With your conceptual design accepted, you now need to create a logical design. This will create a map between requirements and components / services.

The CMA exam covers products with many configuraiton options. To help with clarity, this page will provide more generic information on the objective. I am currently working on a mindmap to link requirements to components and their options.

Purpose of a logical design

The logical design is, to an extent high level. Providing details on required components and service connections. In addtion, dependencies and communication paths.

Logical designs are great for showing components and connectivity between said components. When using a visual representation, the detail can be quite light on. But, easy to consume. A mix of diagrams and text makes for a sucessful logical design.

Logical designs include items such as; Tenant roles, Tenants, Endpoints and Appliance resources.

Building the Logical Design from Requirements

When building the logical design, you need create a map between the requirement and component. The process of mapping requirements calls for understanding of what each feature acheives. Also understand limitations.

vRB provides pricing information, but it only on certain platforms. It cannot meet a requirement to provide price information on Hyper-V.

While the detail in the logical design is high-level, the production knowledge is not.

TODO: Add Finish mindmap

Example question

“Mega Awesome Transport, want to add a cost based approval policies to their existing VM deployment blueprints. Pricing displayed should be based on the selected endpoint.
What should they do?”

  • Deploy vRB, and create a new approval policy?
  • Deploy vRB, enable location selection on existing blueprints and crete new entitlements
  • Deploy vRB, enable location selection on existing blueprints and create a new approval policy?
  • Deploy vROPS, Deploy vRB, enable location selection on existing blueprints and create new entitlements

I’ve made this a bit obscure on purpose, because sometimes things are left to “what if they want to x” and you need to go for the ‘most right’.

2 and 4 could be ruled out because they do not add an approval policy.
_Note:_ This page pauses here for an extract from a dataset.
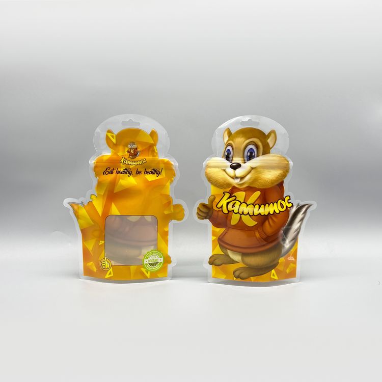 復合塑料小松鼠異形袋以其獨特的松鼠造型和多層復合材料結構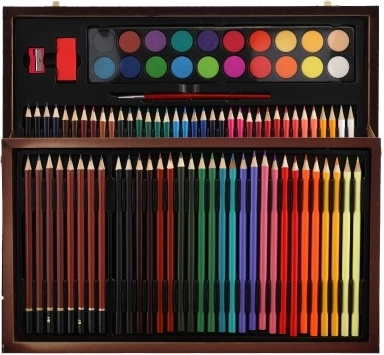 Kreatív művészeti készlet tökéletes megoldás mindazoknak, akik szeretnek alkotni. A praktikus fa toknak köszönhetően minden segédeszköz áttekinthetően el van rendezve és mindig használatra kész.

This is required to meet our requirement of approval based on cost.

1 is close as it will provide a cost, but it does not explicitly enable selection of the endpoint.

3 Covers the requirements better than the others and it’s what I would select.

So, how does this relate to our objective? Lets map it out.

vRB will provide the costing information for number of hypervisor and cloud provides (not all).

vROPs isn’t required based on information provided.

As the name suggests, requirements for approval mean the approval policy feature should be included.

The location selection feature of composit blueprints allows the user to select where their VMs will be deployed. This meets the requirement of of ‘selected endpoint’.

Summary

The logical design is a high level design document detailing the components and services required. Building a logical design requires knowing how a component and service can solve a requirement.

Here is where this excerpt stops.